§ SUPPLIED MATERIAL:
——————

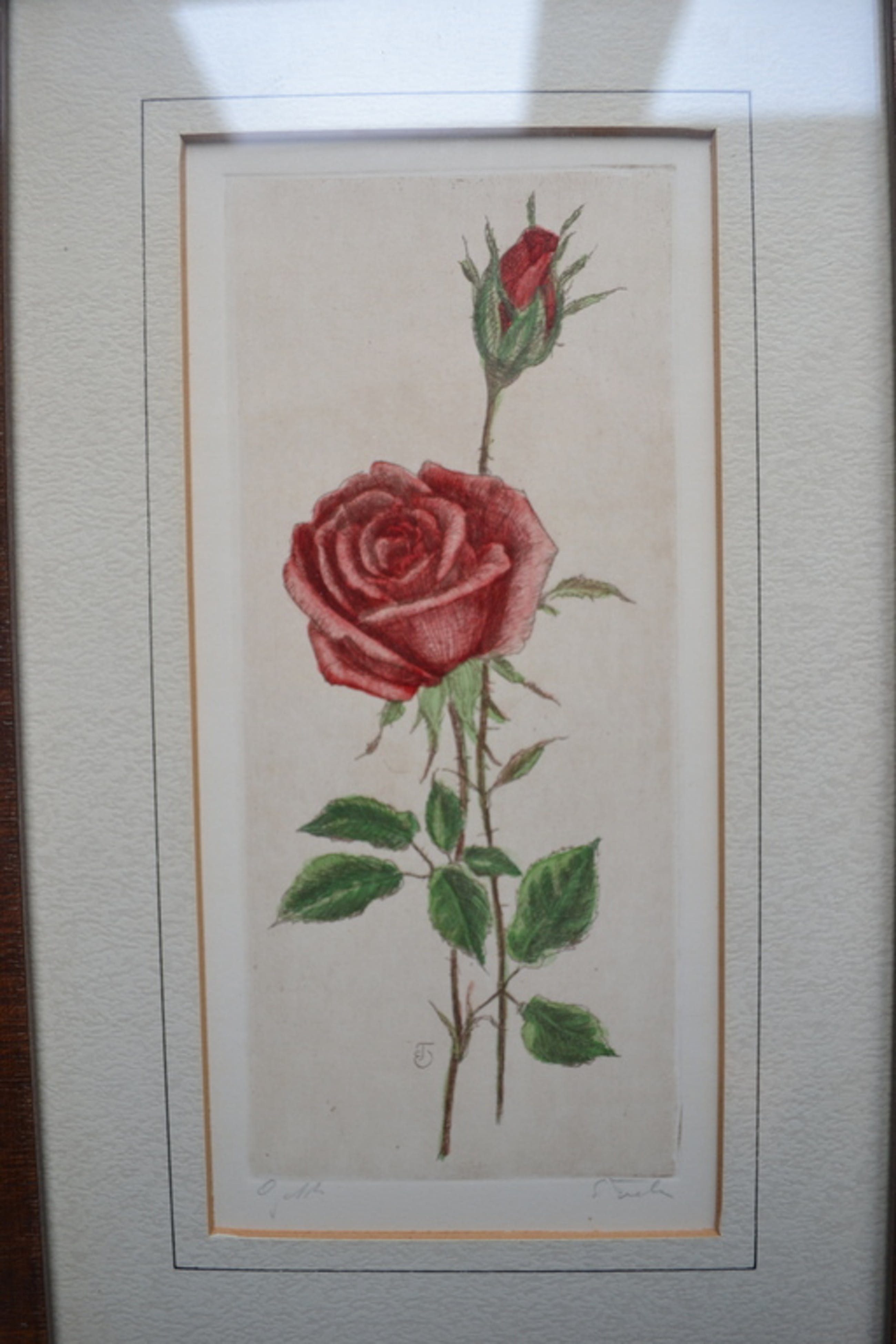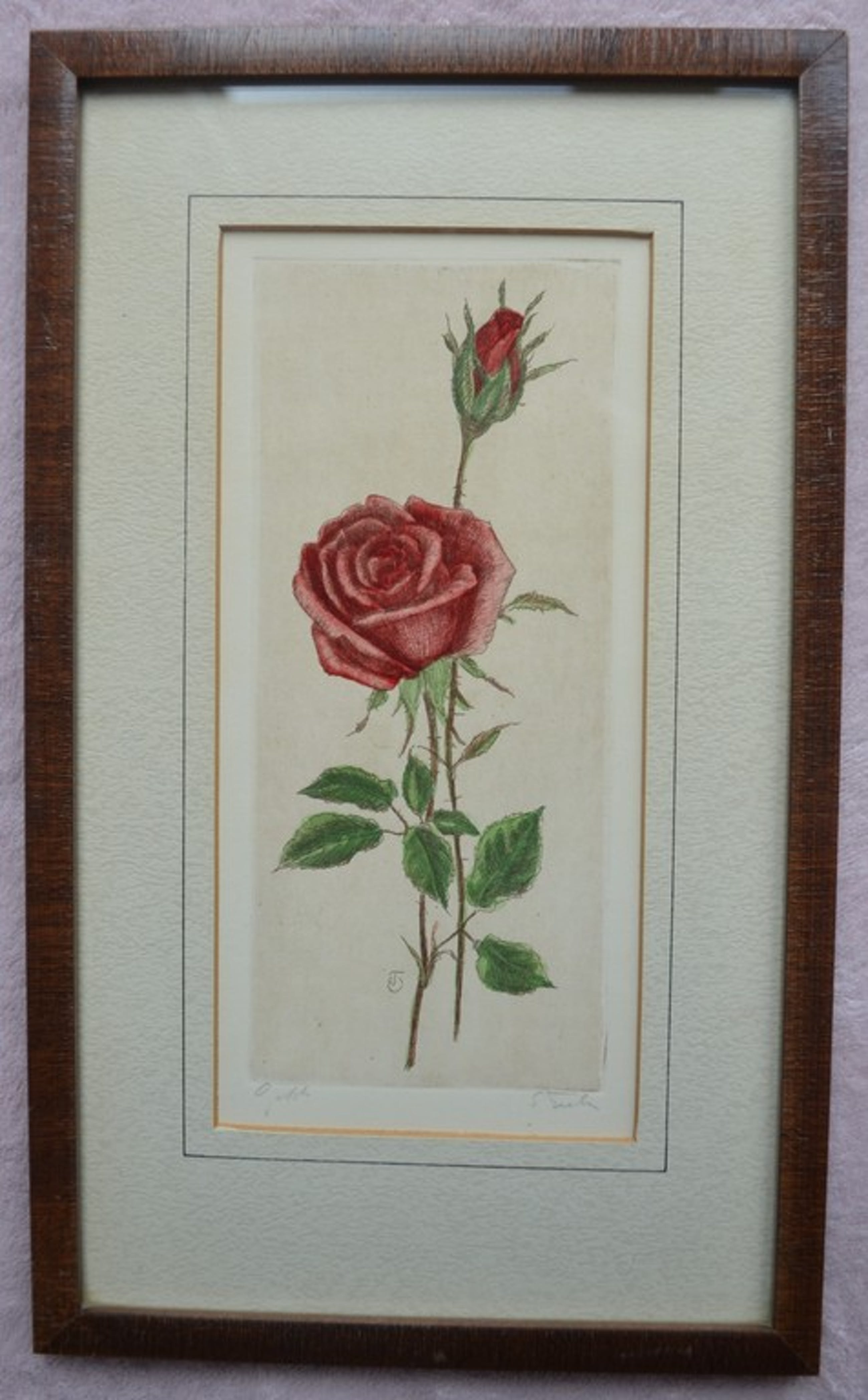 Ingekleurde ets van een roos, gesigneerd. kopen? Bied vanaf 1!
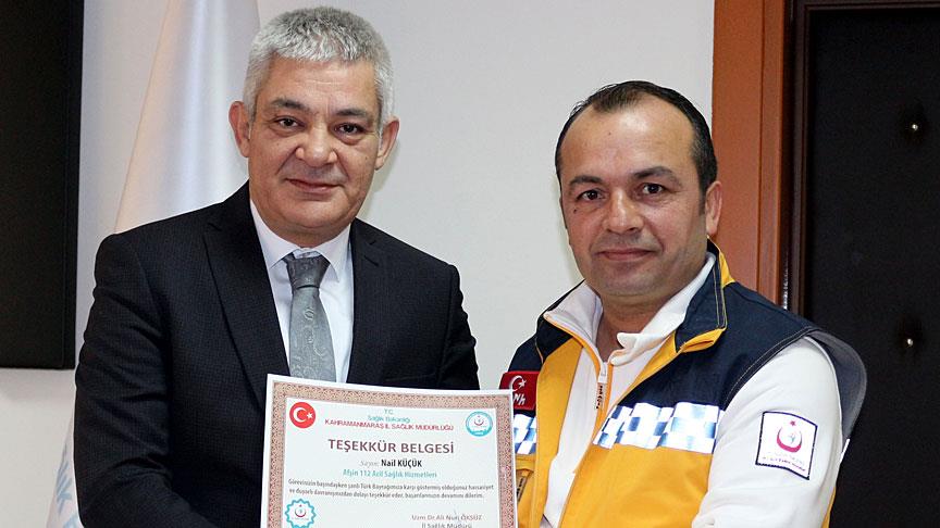 Bu sırada birlikte çalıştığı sağlıkçı arkadaşı, bu anları cep telefonu kamerasına kaydedip sosyal medya hesaplarından paylaştı. Videonun büyük beğeni alması üzerine İl Sağlık Müdürü Uzman Dr. Ali Öksüz, ambulans şoförünü kabul ederek, hassasiyetinden dolayı kutladı ve teşekkür belgesi verdi.
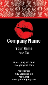 Red lips on black business card. Lacy damask pattern on top. |
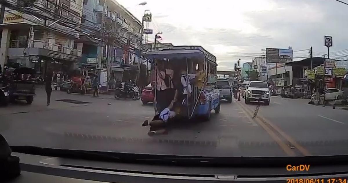 สองแถวออกตัวแรงเปลี่ยนเลน ทำนักเรียนหญิงตกรถ ไถลไปกับพื้นถนน (คลิป)

——————

Your task is to quote exactly the lines from the one with "Red lips on" through the end of the material, both included, without reproducing any pictures.

 Red lips on black business card. Lacy damask pattern on top. |
 สองแถวออกตัวแรงเปลี่ยนเลน ทำนักเรียนหญิงตกรถ ไถลไปกับพื้นถนน (คลิป)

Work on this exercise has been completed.